"Selina does not seem very well," thought Oscar.

[CHAPTER XIII.]

FOLLY.

There is no misfortune on earth so great as that of a troubled conscience: there is nothing that will wear the spirits and the frame like a burdensome secret which may not be told. It will blanch the cheek and sicken the heart; it will render the day a terror and the bed weary; so that the unhappy victim will be tempted to say with Job: When shall I arise and the night be gone? He is full of tossings to and fro unto the dawning of the day: his sleep is scared with dreams and terrified with visions.

Had Mrs. Oscar Dalrymple been of a different temperament, this unhappy state of mind would have been hers. But she had no very deep feeling. Troubled in a degree she undoubtedly was. That terrible secret, the debts she had incurred, lay on her mind always in a greater or a less degree; for she knew that when her husband paid them he would be half ruined; certainly crippled for years to come.
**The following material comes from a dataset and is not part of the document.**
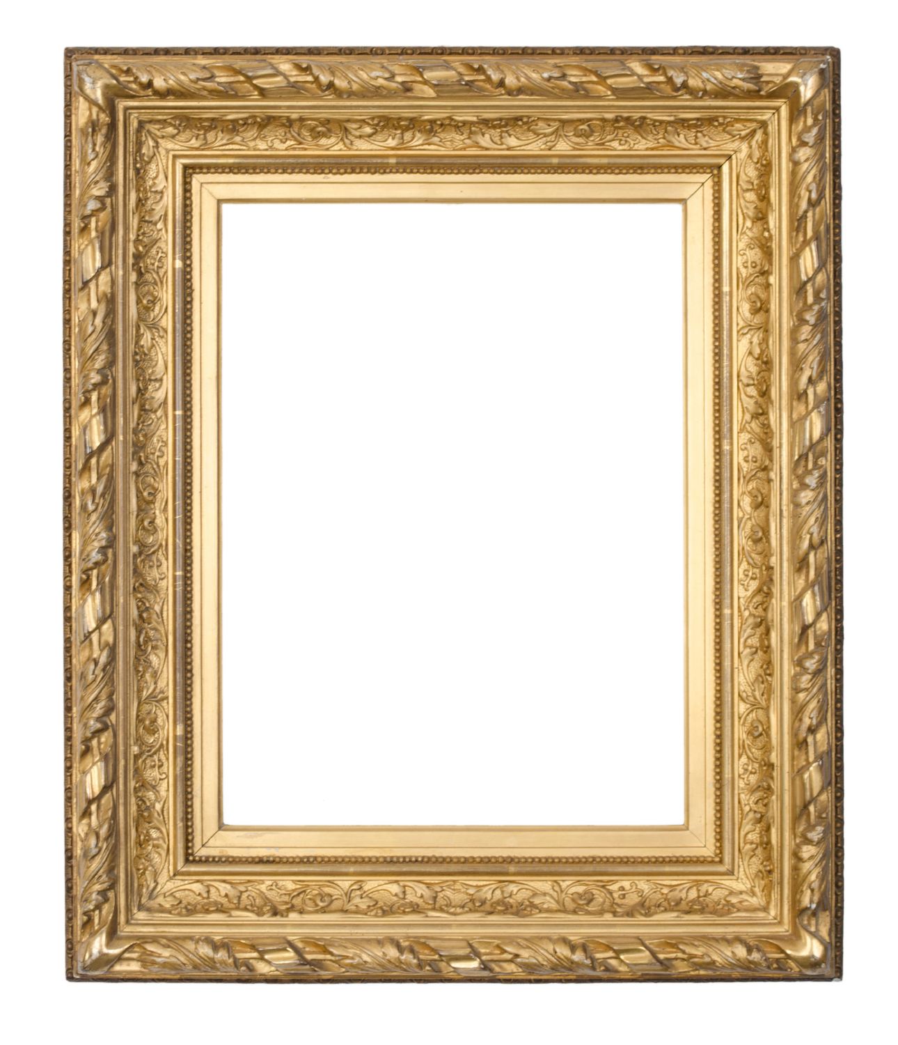 CORNICE in legno e pastiglia dorata (cm 25 x 33). Italia fine '800 Misure: cm 39 x 47

Another season had come round and was at its height; and Mr. and Mrs. Dalrymple had again come up to it. The past autumn and winter had been spent at Moat Grange, which Selina found insufferably dull, and where her chief solace and recreation consisted in looking over her beautiful and extensive wardrobe, and trying on portions of it in private. A very negative sort of enjoyment. Where was the use of possessing these divine dresses and adjuncts, when no field was afforded for their display? Selina had ventured to wear one costly robe on a certain evening that she dined at Court Netherleigh, and was severely taken to task by her mother, who was the only other guest, and by Miss Upton, for appearing in such "finery." They asked her what she meant by such extravagance. And that before Oscar, too! Selina blushed a little and laughed it off; but she mentally wondered what would have been said had she put on her very finest, or if they saw the stock at home.

During the winter Selina had a fever, brought on, it was thought, from exposing herself unduly to damp. She grew better, but was somewhat delicate and very capricious. Oscar, loving her intensely, grew to humour her fancies and to pet her as if she were a spoiled child. Her conscience reproached her now and then for the tacit deceit she was enacting, in thus suffering him to live in blissful ignorance of their true position; but on the whole it did not trouble her greatly. Alice, her sensitive sister, would have died under it; Selina contrived to exist very comfortably.

"If you found out that I had done anything dreadfully wrong, would you quite kill me?" she playfully said to him one day.

"Dare say I should," answered Oscar, putting on a face of mock severity. "Might depend, perhaps, upon what the thing was."

"Ah, no; you'd just scold me for five minutes, and then kiss and be friends. I always said you'd never turn out to be an old griffin."